Each subsequent sentence adds further detail, with the most salient facts
always coming first. So you stop reading when you have as much detail as you
want, safe in the knowleddge you're not missing anything too important.

If the author is diluting, simply repeating things already written at greater
length they're not doing it correctly.

Just to reiterate, PG's articles aren't news stories so there is no need to
follow this pattern. There are many other kinds of journalistic leads - the
colour intro, the delayed drop, etc.

------
arethuza
Iain Banks manages to provide both one of the most memorable opening
sentences:

"It was the day my grandmother exploded."
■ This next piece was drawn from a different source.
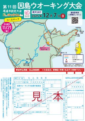 その他 | ・完歩証はゴールにてお渡し致します。 ・ゼッケン提示で本因坊秀作囲碁記念館・因島水軍城を当日のみ無料で見学できます! ・個人情報は参加者の連絡・照会・今後の活動案内、傷害保険請求手続き等の必要な範囲内でのみ使用致します。 ・また、大会の模様を撮影した写真や映像等を、放送・新聞・ホームページ(SNS)・ポスター等で使用することをご了承下さい。 ・コースを外れて歩かれた場合は、自己責任において歩いて下さい。万一、事故が発生した場合の責任(保険等)は負いかねますのでご了承下さい。 ・雨もまた自然です。荒天(大雨・洪水・暴風警報発令時)以外は歩きます。 ・中止の場合は、因島観光協会ホームページをご覧ください。こちらからの連絡は致しません。 |

and my favourite opening paragraph (or two):

"Two days ago I decided to kill myself. I would walk and hitch and sail away
from this dark city to the bright spaces of the wet west coast, and there
throw myself into the tall, glittering seas beyond Iona (with its cargo of
mouldering kings) to let the gulls and seals and tides have their way with my
remains, and in my dying moments look forward to an encounter with Staffa’s
six-sided columns and Fingal’s cave; or I might head south to Corryvrecken, to
be spun inside the whirlpool and listen with my waterlogged deaf ears to its
mile-wide voice ringing over the wave-race; or be borne north, to where the
white sands sing and coral hides, pink-fingered and hard-soft, beneath the
ocean swell, and the rampart cliffs climb thousand-foot above the seething
acres of milky foam, rainbow-buttressed.

Last night I changed my mind and decided to stay alive. Everything that
follows is . . . just to try and explain."

From _The Crow Road_ and _Espedair Street_ respectively.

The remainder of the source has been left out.